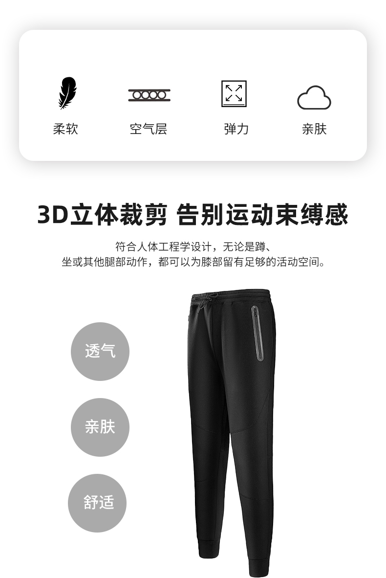 在款式上,经典运动版型,能很好的修饰腿型,可以拉长视觉效果,显瘦显长。3D立体剪裁,符合人体工程学设计,无论是蹲、坐或其他腿部活动,都可以为膝部留有足够的活动空间,上身活动自如。
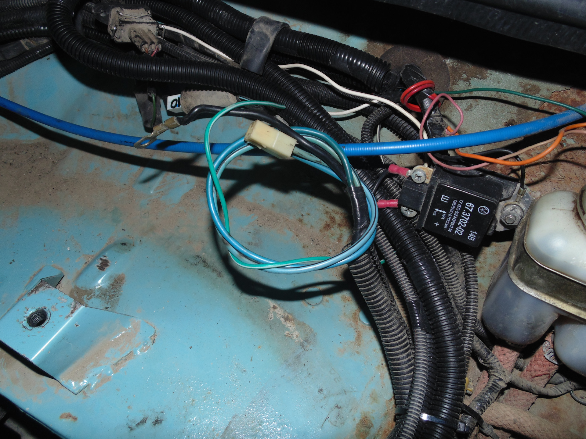 Провода идущие к вентиляторам и управляющий минус от ЭБУ. Тоже пока не сделано окончательно, поскольку в 2112 схема управления отличается от нивской. Надо поставить два реле и предохранителя и сделать это надёжно, без соплей.
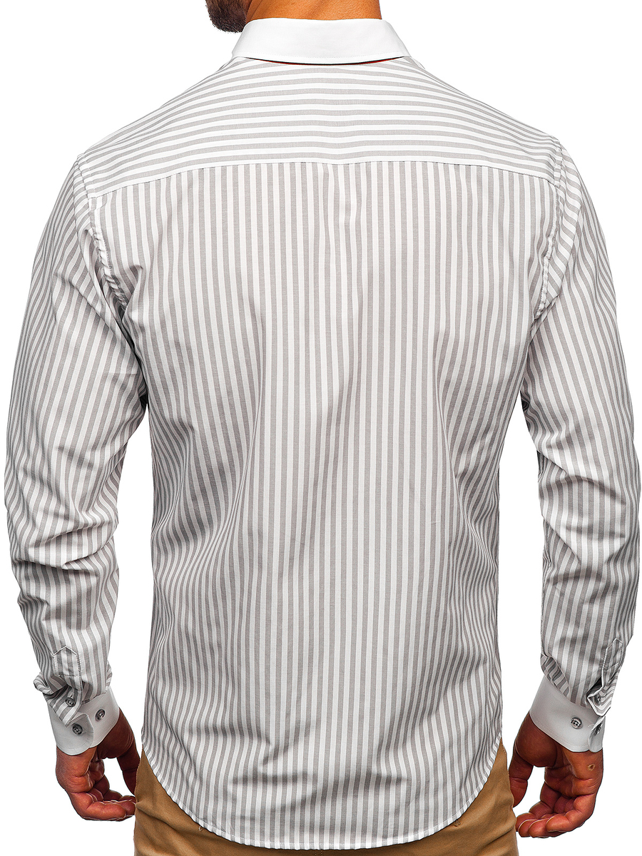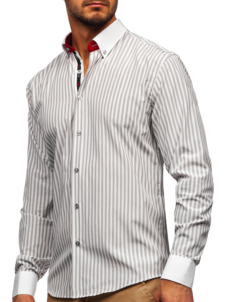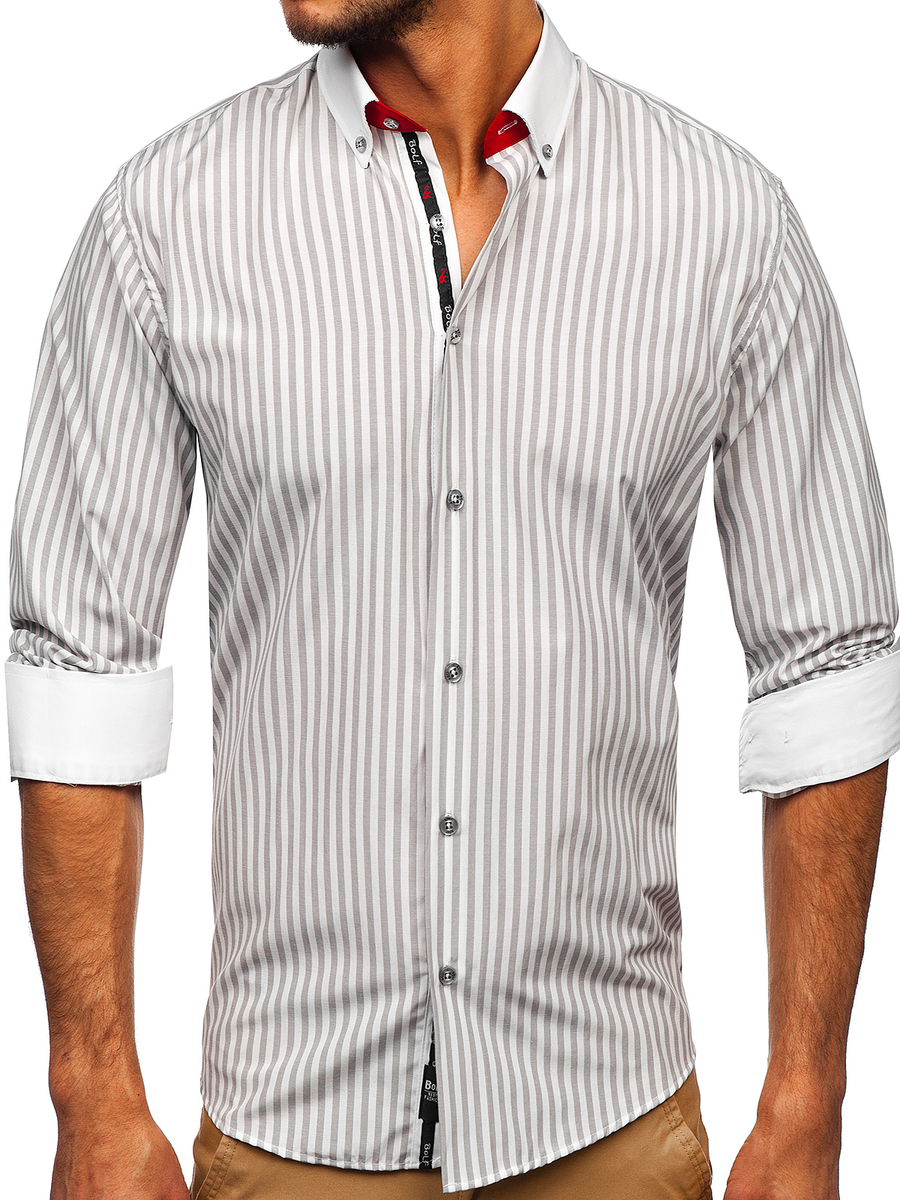 Mišljenja korisnika o Siva prugasta košulja muška dugih rukava Bolf 20727
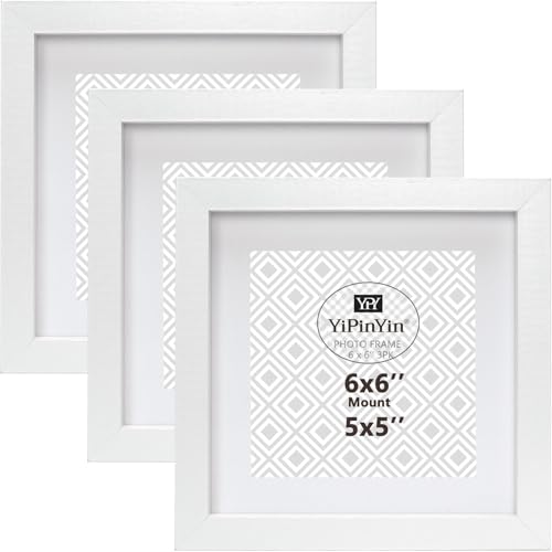 6 X 6 '' (15x15cm) Square White Photo Frames Set Of 3 with mount for 5x5 photo,Boxed Garllery 10x10cm Picture Frame 3 Pack, 15x15cm Square frames With Perspex Window For Wallmounted & Desk Top
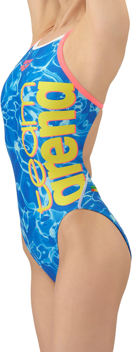 トレーニングカテゴリー「TOUGHSUITシリーズ」。大会に向けて練習を重ねる頻度が高いスイマーにオススメの練習用水着。環境に配慮したリサイクルポリエステル素材「タフスキンT2E」を使用し塩素に強く長持ち。アドバイザリー契約を締結した選手たちと共にデザインを作成した「チームアリーナコレクション」。25FWのデザインテーマは水をイメージ。水をテーマに、水に反射した光のキラキラとした自然の中の美しさを表現。水が色々なものと混ざり合い繋がり広がっていくように、アリーナとスイマーは水で繋がっているという意味を込めたデザイン。多彩な色使いと、チームアリーナロゴを大きく配置する事により、視覚的なインパクトを与えるカッコいいスタイル。成田実生選手、平井瑞希選手、鈴木聡美選手、池本凪沙選手、難波実夢選手着用。前身頃、後身頃に黒の裏地付き。ワンピースタイプ。
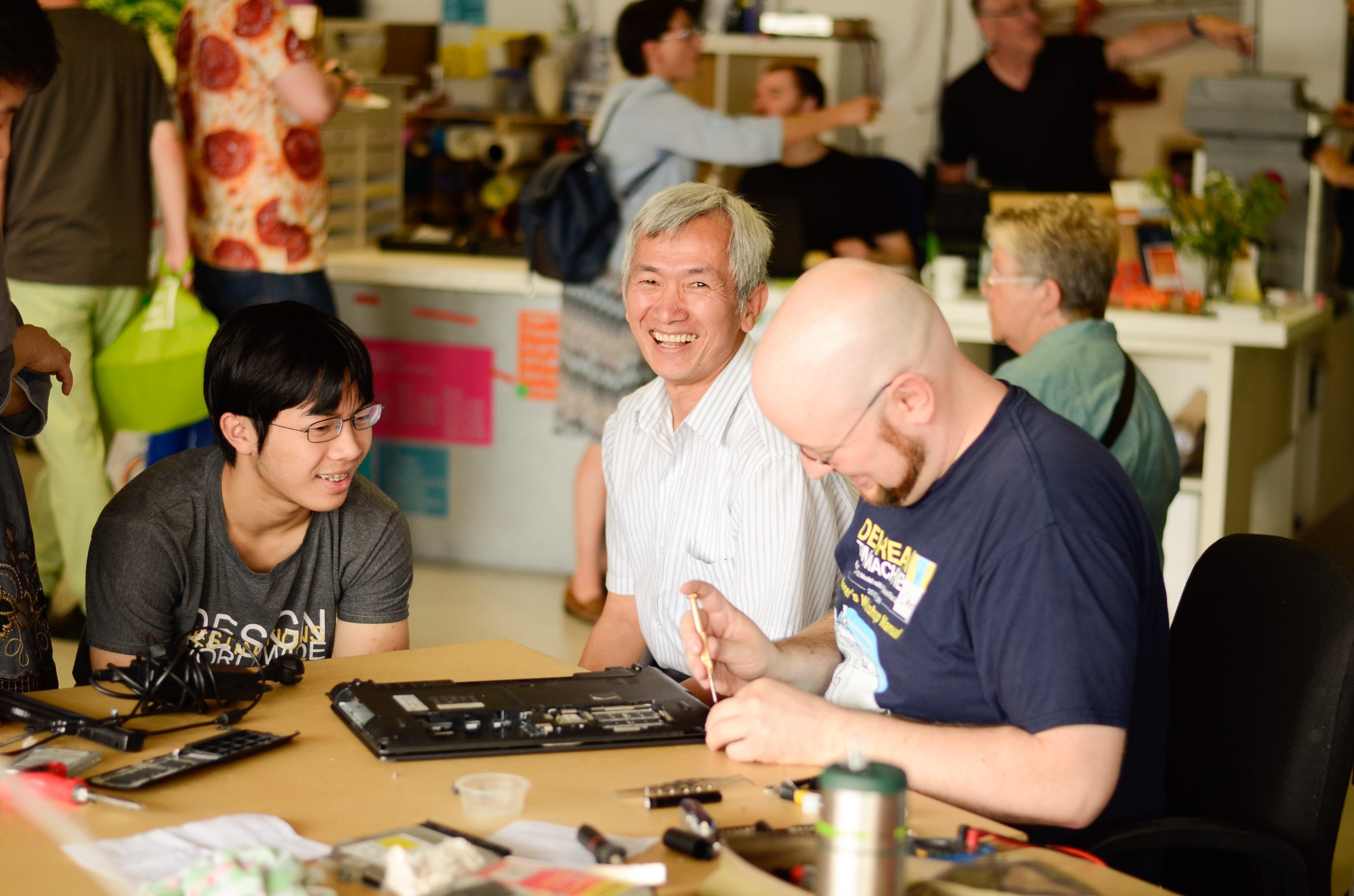 Hier werden kaputte Alltagsgegenstände wie z.B. Haushaltsgeräte, Fahrräder und Spielzeug zusammen repariert.

• **PROBLEM TO SOLVE**: The reply should hold an exact repeat of the entries from their opening line through the line with "Провода идущие к", and no pictures at all.

• **TASK RESULT**:
 在款式上,经典运动版型,能很好的修饰腿型,可以拉长视觉效果,显瘦显长。3D立体剪裁,符合人体工程学设计,无论是蹲、坐或其他腿部活动,都可以为膝部留有足够的活动空间,上身活动自如。
 Провода идущие к вентиляторам и управляющий минус от ЭБУ. Тоже пока не сделано окончательно, поскольку в 2112 схема управления отличается от нивской. Надо поставить два реле и предохранителя и сделать это надёжно, без соплей.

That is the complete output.